Des évasions verticales

En 1995, l’enseignant rejoint le réseau universitaire Reliance6, un collectif de recherche sur les situations de handicap, l’éducation et les sociétés. Il décide de faire partager son goût pour l’alpinisme à ses élèves. Il monte, dans la même année, deux projets « d’évasion verticale » pour les enfants de sa classe qui peuvent alors s’essayer à la randonnée et à l’escalade. Une ouverture extraordinaire pour ceux qui, bien souvent, n’accèdent au sport que par le seul biais de la rééducation. Alpes, Pyrénées, Vercors, Corse… Chaque année Frédéric accompagne ses élèves se confronter à leur corps et à leur volonté sur les hauteurs françaises. « Côté accompagnement, j’ai constitué une équipe fidèle et stable formée de médecins, d’infirmiers, de guides de haute montagne et d’auxiliaires de vie scolaire. Il y a un adulte par enfant« .

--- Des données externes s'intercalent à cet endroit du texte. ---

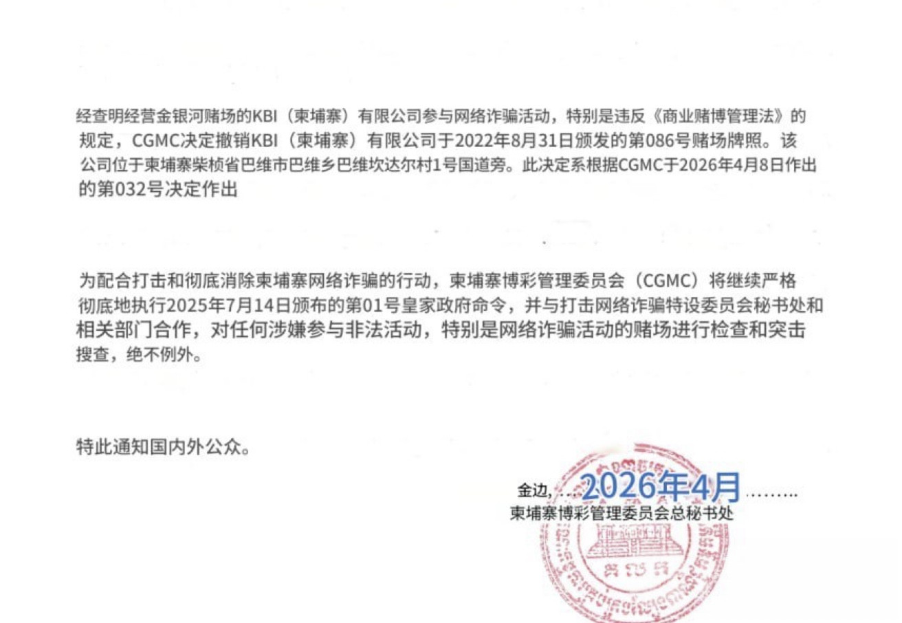 调查显示,金银河赌场由KBI(柬埔寨)有限公司经营,该公司涉嫌技术诈骗及违反《商业博彩管理法》相关规定。基于调查结果,柬埔寨博彩委员会决定撤销KBI公司于2022年8月31日获得的赌场牌照(牌照号086,撤销决定书编号032)。赌场位于巴维市巴维分区巴维坎达尔村1号国道。

Bousculer les représentations du handicap



En octobre 1999, l’instituteur part avec huit enfants âgés de 9 à 12 ans dans l’Anti Atlas Marocain ouvrir la voie « Iril Mimi » à 2900 mètres d’altitude. « En voyant les images filmées de notre expédition7, mes élèves, leurs parents et leurs camarades des autres classes ont pris la mesure des performances réalisées. La télévision s’était intéressée à notre aventure et j’ai su que des parents qui n’avaient jamais osé parler du handicap de leur enfant à leurs collègues de travail, ont pris plaisir à leur dire : regardez France 3 ce soir, vous y verrez des images de mon fils ! Je crois que nous tenons là le moyen de bousculer enfin les représentations du handicap« .

Des projets jusqu’en 2009



De retour du Maroc, Frédéric Meynaud s’implique dans la création d’un groupe de travail sur les situations de handicap et l’éducation physique (GTHEPS)8. À la même époque, l’enseignant passe une maîtrise en sciences de l’éducation et creuse encore ses recherches sur l’alpinisme et les enfants handicapés, les deux années suivantes, pour les besoins d’un DEA. « Je ne suis pas un doux fêlé passionné de montagne qui pense à se distraire en amenant ses élèves handicapés dans les hauteurs. Ces ascensions ont un effet sur l’estime des enfants qui perdure dans le temps et c’est pour cela que j’entend bien les continuer », dit-il alors.
Frédéric Meynaud qui favorise désormais les parcours mixtes (handicapés moteurs et valides) organise actuellement une expédition dans le Sahara. L’instituteur a ouvert la voie.


 


Marie-Laure Maisonneuve


 


(1) Voir le site de l’association « Évasion verticale » :
(2) Les IUFM sont créés l’année suivante.
(3) Voir l’interview de Charles Gardou sur le site de VousNousIls.fr.
(4) Nom donné aux demandes d’affectations dans l’Education nationale.
(5) L’école Edouard-Herriot de Lyon accueille une trentaine d’enfants atteints de toutes sortes de déficiences motrices (pour un effectif total de 300 élèves) et répartis par tranches d’âge.
(6) Le site du réseau Reliance.
(7) Chaque expédition fait l’objet d’un petit film tourné par l’un des accompagnateurs et projeté dans l’enceinte de l’école. Dans ce but, une unité de production indépendante « Vidéo Évasion Verticale » est créée en décembre 2004.
(8) Le GTHEPS en partenariat avec la fédération française du sport adapté (FFSA) et la fédération française handisport (FFH) cherche à développer la pratique de l’éducation physique des enfants scolarisés souffrant de déficiences motrices ou intellectuelles.